In such an optical characteristic measuring device, when the calibration reference member is brought to face the measurement opening, the calibration reference member is pressed by a pressing mechanism at a portion corresponding to the inside of the measurement opening in the optical characteristic measurement unit, so that the calibration reference member is optically pressed. It can be pressed against the entire circumference of the measurement opening in the characteristic measurement unit. As a result, the calibration reference member is more reliably arranged at a predetermined position with respect to the optical characteristic measurement unit, the optical characteristic value of the calibration reference plate is less likely to vary, reproducibility can be ensured, and more reliably and accurately. The optical characteristic reference value can be obtained. Therefore, the optical characteristic measuring device can be calibrated more reliably and with high accuracy, and the optical characteristics of the measurement target can be obtained with high accuracy.

In another aspect, in the above-mentioned optical characteristic measuring apparatus, the pressing mechanism is a pressing plate and an urging member that urges the pressing plate so that the pressing plate presses the calibration reference member at the portion. And.

In such an optical characteristic measuring device, since the calibration reference member is pressed by the urging member via the pressing plate, the calibration reference member can be reliably pressed against the entire circumference of the measurement opening in the optical characteristic measuring unit.

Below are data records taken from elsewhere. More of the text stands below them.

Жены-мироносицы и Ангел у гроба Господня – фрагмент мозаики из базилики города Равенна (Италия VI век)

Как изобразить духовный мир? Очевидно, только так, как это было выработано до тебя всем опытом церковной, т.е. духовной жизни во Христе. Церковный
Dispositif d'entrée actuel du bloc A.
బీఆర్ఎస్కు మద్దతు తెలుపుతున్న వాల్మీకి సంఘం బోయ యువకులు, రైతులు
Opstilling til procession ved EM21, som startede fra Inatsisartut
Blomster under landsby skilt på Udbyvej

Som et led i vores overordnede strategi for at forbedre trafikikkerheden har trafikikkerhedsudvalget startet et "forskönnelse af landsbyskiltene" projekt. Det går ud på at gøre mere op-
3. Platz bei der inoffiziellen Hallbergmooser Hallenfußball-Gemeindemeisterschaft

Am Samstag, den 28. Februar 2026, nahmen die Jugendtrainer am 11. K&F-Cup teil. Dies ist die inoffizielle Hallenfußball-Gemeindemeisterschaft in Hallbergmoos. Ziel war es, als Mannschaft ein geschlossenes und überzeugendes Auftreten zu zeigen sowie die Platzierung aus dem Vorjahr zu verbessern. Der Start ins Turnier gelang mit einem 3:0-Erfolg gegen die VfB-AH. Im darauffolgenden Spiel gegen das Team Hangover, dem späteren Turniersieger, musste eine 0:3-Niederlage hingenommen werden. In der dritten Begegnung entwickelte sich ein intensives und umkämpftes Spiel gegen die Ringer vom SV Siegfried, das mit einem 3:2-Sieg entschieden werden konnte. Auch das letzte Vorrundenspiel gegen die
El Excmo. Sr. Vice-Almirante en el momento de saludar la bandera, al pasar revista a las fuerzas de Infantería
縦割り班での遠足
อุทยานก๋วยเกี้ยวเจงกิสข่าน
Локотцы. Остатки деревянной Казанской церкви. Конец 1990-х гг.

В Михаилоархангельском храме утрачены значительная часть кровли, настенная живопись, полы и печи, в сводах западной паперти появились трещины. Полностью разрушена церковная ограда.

In another aspect, in the above-mentioned optical property measuring apparatus, the urging member is a coil spring, and the pressing plate has a plate shape that engages with the coil spring so as to be urged by the coil spring. A main body portion and a contact portion provided on the main body portion that abuts the calibration reference member so as to press the calibration reference member at the portion are provided.

In such an optical characteristic measuring device, the calibration reference member can be more reliably pressed against the entire circumference of the measurement opening in the optical characteristic measuring unit.

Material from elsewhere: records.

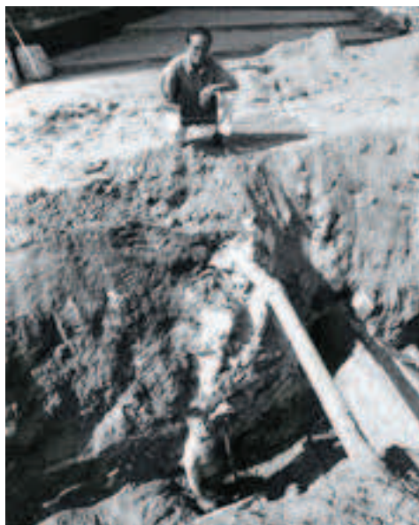
Afbeelding 3: Resten mergelstenen muur.
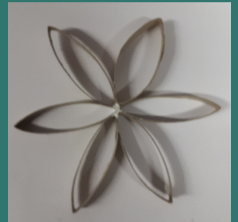
fino a formare una stella
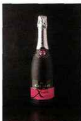
Ackerman, X Noir, brut rosé
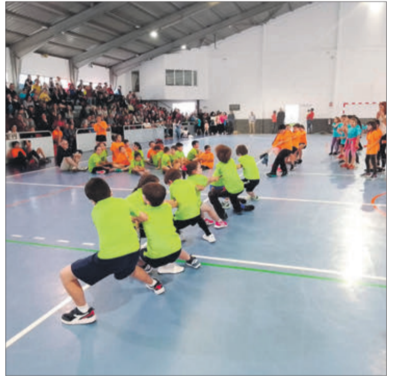
Competició d'estira de corda.
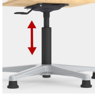
Höhenverstellung durch Sicherheitsgasfeder
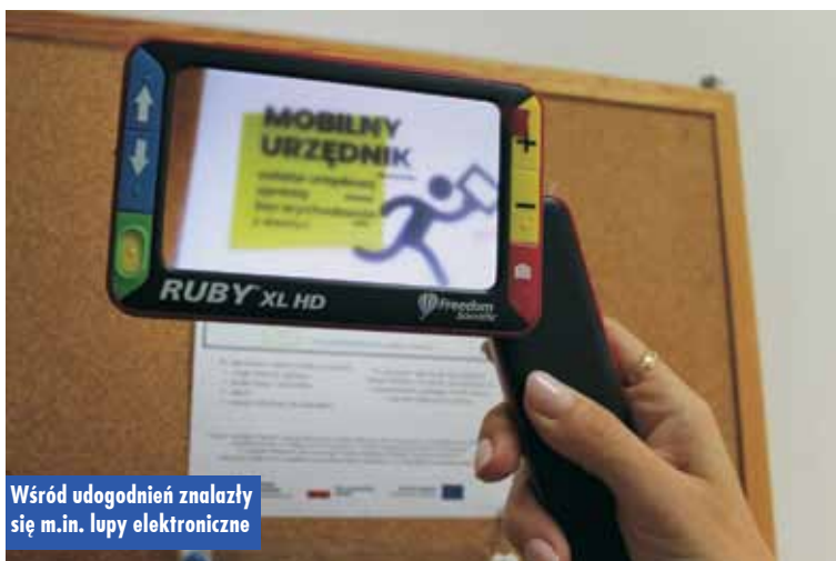
Wśród udogodnień znalazły się m.in. lupy elektroniczne

In another aspect, in the above-mentioned optical property measuring device, the contact portion is a curved surface.

In such an optical characteristic measuring device, the calibration reference member can be pressed with a small contact area, and the calibration reference member can be more reliably pressed against the entire circumference of the measurement opening in the optical characteristic measuring unit.

In another aspect, in these above-mentioned optical property measuring devices, the contact portion has a protruding shape.

According to this, an optical characteristic measuring apparatus in which the contact portion has a protruding shape is provided.

In another aspect, in the above-mentioned optical characteristic measuring apparatus, the portion of the calibration reference member that is abutted by the abutting portion has a protruding shape.

According to this, there is provided an optical characteristic measuring apparatus in which a portion of the calibration reference member that is abutted by the abutting portion has a protruding shape.

In another aspect, in these above-mentioned optical characteristic measuring devices, a measuring opening forming member in which the measuring opening is formed is provided, and the measuring opening forming member is provided on the periphery of the measuring opening in a peripheral region of the measuring opening. It is formed so as to gradually project outward and the peripheral edge of the measurement opening protrudes most outward.

In such an optical characteristic measuring device, the calibration reference member can be easily applied to the entire peripheral edge of the measurement opening, and the calibration reference member can be more reliably pressed against the entire circumference of the measurement opening in the optical characteristic measuring unit.

In another aspect, in the above-mentioned optical characteristic measuring apparatus, the measuring apparatus main body including the optical characteristic measuring unit, the calibration reference member, and the pressing mechanism are provided, and the measuring apparatus main body is detachably mounted. Equipped with a stand.

In such an optical characteristic measuring device, the calibration reference member can be pressed against the entire circumference of the measurement opening in the optical characteristic measuring unit by placing the measuring device main body on the measuring device stand. Therefore, the optical characteristic measuring device can easily and surely press the calibration reference member against the entire circumference of the measurement opening in the optical characteristic measuring unit.

The measuring device stand according to the other aspect has a measuring opening, and by using an optical system having a predetermined geometry, a measuring device main body for measuring a predetermined optical characteristic in a measurement target facing the measuring opening can be detachably mounted. In the measuring device stand to be placed, when the calibration reference member used for calibrating the predetermined optical characteristics and the calibration reference member face the measurement opening, the calibration reference member is placed in the calibration reference member. It is provided with a pressing mechanism that contacts and presses in the region inside the measurement opening.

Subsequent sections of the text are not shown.